What you submit must be an exact copy of the listing below, with no images in it.

DATA:
☆ ☆ ☆ ☆
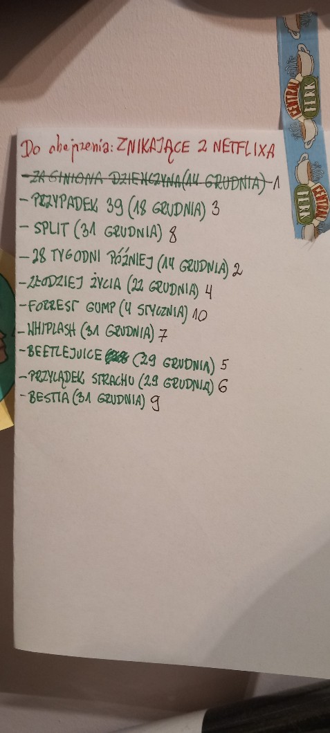 obejrzalam dzisiaj zaginioną dziewczynę, jeszcze mam w planach dwadzieścia osiem tygodni pozniej bo dzisiaj znikają z netflixa, to znikanie to jedyne co mnie motywuje. na dole wam podrzucam co jeszcze znika i kiedy (numerki obok to kolejność w jakiej będę oglądać)
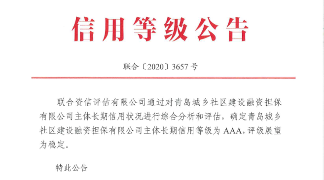 9月17日,联合资信评估有限公司(下称“联合资信”)发布信用等级公告(联合〔2020〕3657号),通过对青岛城乡社区建设融资担保有限公司(下称“城乡担保”)主体长期信用状况进行综合分析和评估,确定公司主体长期信用等级为AAA,评级展望为稳定。金控集团城乡担保公司成为目前山东省首家AAA融资担保机构。
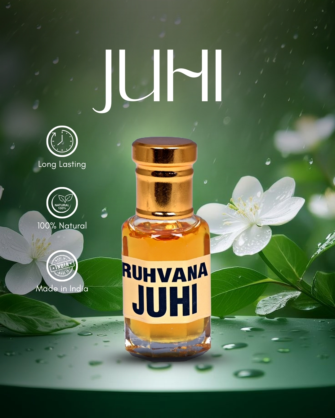 More than just a perfume, Juhi attar has therapeutic benefits. It calms the mind, relieves stress, and promotes a sense of inner peace and joy. The fragrance blends harmoniously with the skin and lingers for hours, leaving a trail that is subtle yet memorable. Suitable for both men and women, Juhi is an elegant everyday fragrance as well as a special choice for traditional occasions.
☆ ☆ ☆ ☆
RESPONSE AREA:
 obejrzalam dzisiaj zaginioną dziewczynę, jeszcze mam w planach dwadzieścia osiem tygodni pozniej bo dzisiaj znikają z netflixa, to znikanie to jedyne co mnie motywuje. na dole wam podrzucam co jeszcze znika i kiedy (numerki obok to kolejność w jakiej będę oglądać)
 9月17日,联合资信评估有限公司(下称“联合资信”)发布信用等级公告(联合〔2020〕3657号),通过对青岛城乡社区建设融资担保有限公司(下称“城乡担保”)主体长期信用状况进行综合分析和评估,确定公司主体长期信用等级为AAA,评级展望为稳定。金控集团城乡担保公司成为目前山东省首家AAA融资担保机构。
 More than just a perfume, Juhi attar has therapeutic benefits. It calms the mind, relieves stress, and promotes a sense of inner peace and joy. The fragrance blends harmoniously with the skin and lingers for hours, leaving a trail that is subtle yet memorable. Suitable for both men and women, Juhi is an elegant everyday fragrance as well as a special choice for traditional occasions.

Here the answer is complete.